Levins v. Stake

110 P. 980 | Or. | 1910

Mr. Justice Slater

delivered the opinion of the court.

Defendant T. E. Bledsoe, assignee in bankruptcy of defendants W. H. Stark and H. H. Stark, partners, comprising the firm of the Stark Lumber Company, insolvent debtors, has appealed from a decree foreclosing an alleged logger’s lien, filed on January 23, 1908, by A. J. Levins and Elmer Chambers, partners under the firm name of Levins & Chambers, claiming a lien upon a number of sawlogs and a quantity of lumber manufactured therefrom for work done in cutting and delivering logs. The suit is prosecuted by Levins as the sole owner of the claim, who alleges in his complaint that after the filing of the lien notice,, and prior to the commencement of the suit, the partnership firm of Levins & Chambers, for a valuable consideration, assigned and transferred to him their demand under the said lien, and that he is the owner and holder thereof. This averment is denied by the answer. On direct examination, plaintiff testified in general terms that such an assignment had been made, but on cross-examination he admitted that such was not the fact; that he was not the owner of the whole claim; that he and Chambers are still partners; and that Chambers still owns his share. Again, in response to leading questions on redirect examination, he was induced to say that for the purpose of this suit there was a verbal agreement between Chambers and himself. On re-cross-examination, however, he stated that he had not purchased Chambers’ interest, but that Chambers told him to take it (referring to this claim) and take care of it, as he was going away and would not be there.

*1911. At common law one partner could not sue in his own name upon a firm claim, even though his copartner had assigned to him all interest in such claim, except in the case of negotiable instruments, but such assignment gave the assignee the right to use the name of the assignor so as to enable him to collect the claim in their joint names for his own separate use. Under the Codes, however, such assignee may sue in his own name as being the real party in interest: 15 Pl. & Pr. 858, 859; Pomeroy’s Code Rem. (4 ed.) § 64.

2. All the facts showing the vesting of the legal or equitable title in plaintiff should be alleged, and, being put at issue by denial, constitute a material issue, necessary to be established to enable plaintiff to recover: Baxter v. Hart, 104 Cal. 344 (37 Pac. 941) ; Overholt v. Dietz, 43 Or. 194 (72 Pac. 695) ; Gregoire v. Rourke, 28 Or. 275, 277 (42 Pac. 996.)
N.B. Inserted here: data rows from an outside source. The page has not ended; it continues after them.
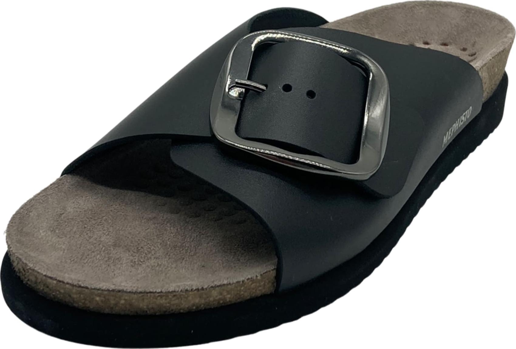 Mephisto Hariana Pantolette mit Schnallenverschluss aus schwarzem Glattleder:Die sommerliche Mephisto Pantolette in zahlreichen Farb- und Materialvarianten sieht nicht nur super aus, sondern ermöglicht Ihnen durch die hochwertigen Materialien und Technologien einen angenehmen Tragekomfort. +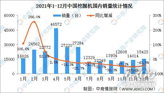据中国工程机械工业协会对25家挖掘机制造企业统计,2021年12月销售各类挖掘机24038台,同比下降23.8%;其中国内15423台,同比下降43.5%;出口8615台,同比增长105%。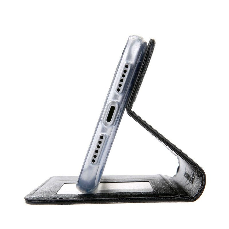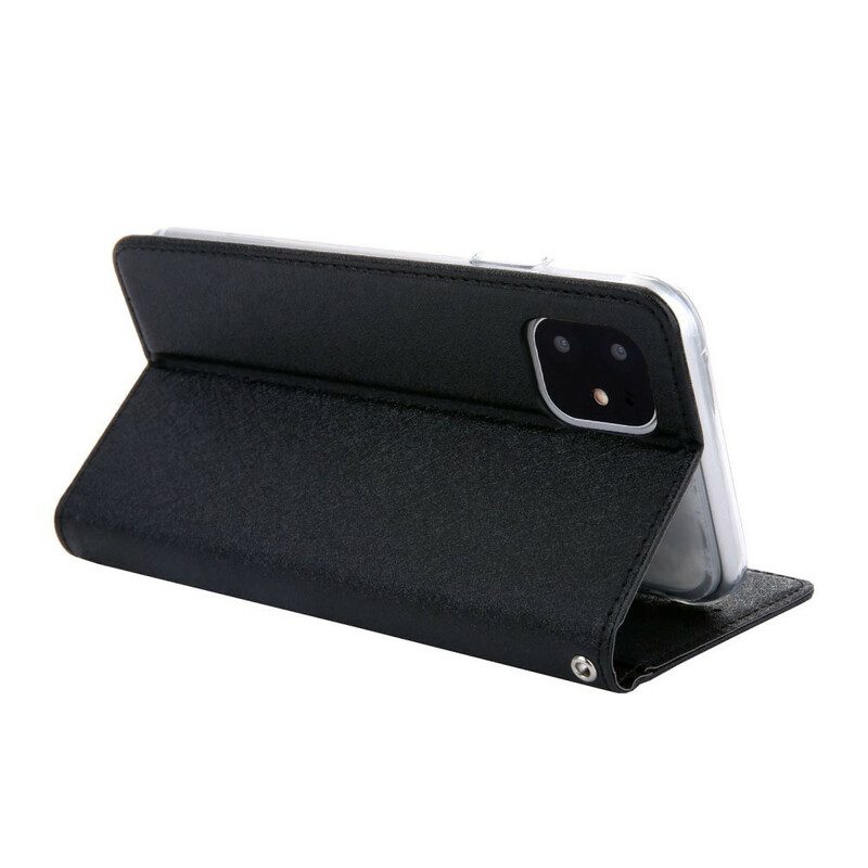 Skydda din iPhone 11 på ett slankt och motståndskraftigt sätt med detta Silk Texture Leather Effect-fodral, Flip Cover-stil (med integrerat spänne).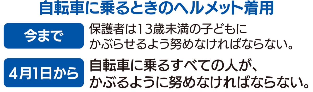 市内の自転車ショップでは3月に入ってから、ヘルメットを求める来店者が増えている。「お子さんや、スポーツタイプの自転車に乗っている人は自転車の購入時にすでにヘルメットを揃えていることが多く大人や年配の方が来られる」と話す。着用の努力義務化を前にした需要増でメーカーでも在庫が少なくなっているという。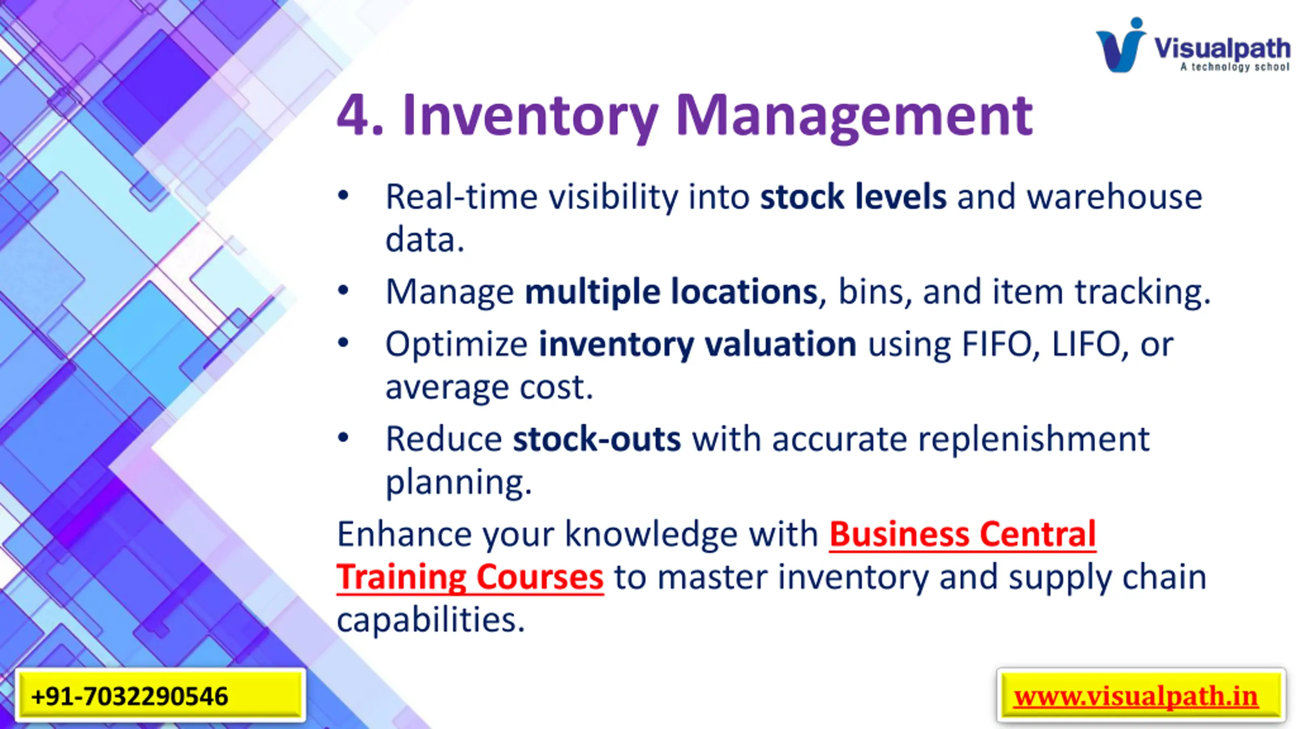 4. Inventory Management Real-time visibility into stock levels and warehouse data. Manage multiple locations, bins, and item tracking. Optimize inventory valuation using FIFO, LIFO, or average cost. Reduce stock-outs with accurate replenishment planning. Enhance your knowledge with Business Central Training Courses to master inventory and supply chain capabilities. www.visualpath.in +91-7032290546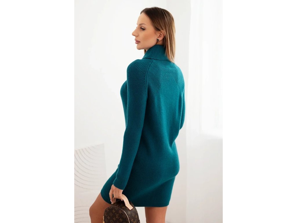 Dámske úpletové šaty s rolákom Asija tyrkysové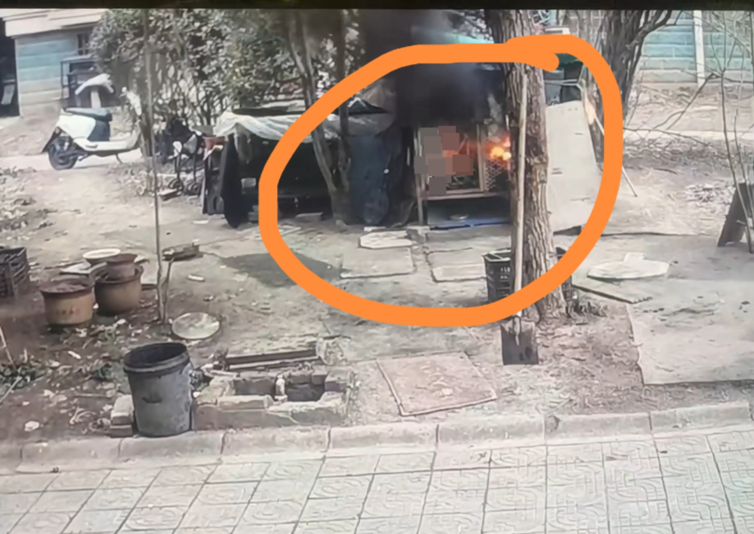 12时35分40秒左右,两个小男孩再次来到狗笼外,共同点燃一支烟花,这时狗笼内的烟稍大,他们观望后没有再将烟花扔进笼内。随后,黑衣小男孩拿着烟花去追一只鸡,白衣小男孩在狗笼外观察后大叫“着火了”。

3. An averment of the assignment must be made to show title: Travis v. Tobias, 8 How. Prac. (N. Y.) 333. The regular mode of transferring a debt is by an instrument purporting to assign it, but no special form is necessary. Any declaration, either in writing or by word of mouth, that a transfer is intended, will be effectual, providing it amounts to an appropriation to the assignee.

4. In equity the rule is that anything showing an intention to assign on the one side, and from which an assent to receive may be inferred on the other, will operate as an assignment if sustained by a sufficient consideration. The form of words used in making the agreement is not alone to receive attention, but all the circumstances of the transaction are to be considered: 1 Beach, Mod. Equity Jur. § 326.

5. But in Gregoire v. Rourke, 28 Or. 275, 277 (42 Pac. 996), this court committed itself to the doctrine that, if the assignment is actually made, the defendant cannot *192question it upon the ground that there was no consideration, and that the assignee is authorized to sue thereon if the title to the chose passed.

6. The declaration which plaintiff testified Chambers made to him with reference to the lien does not evidence any intent on his part to transfer a title to Levins or any right to sue thereon in his own name, and is not sufficient to make a prima facie case for plaintiff.

The decree will therefore be set aside, and the suit dismissed. Reversed: Suit Dismissed.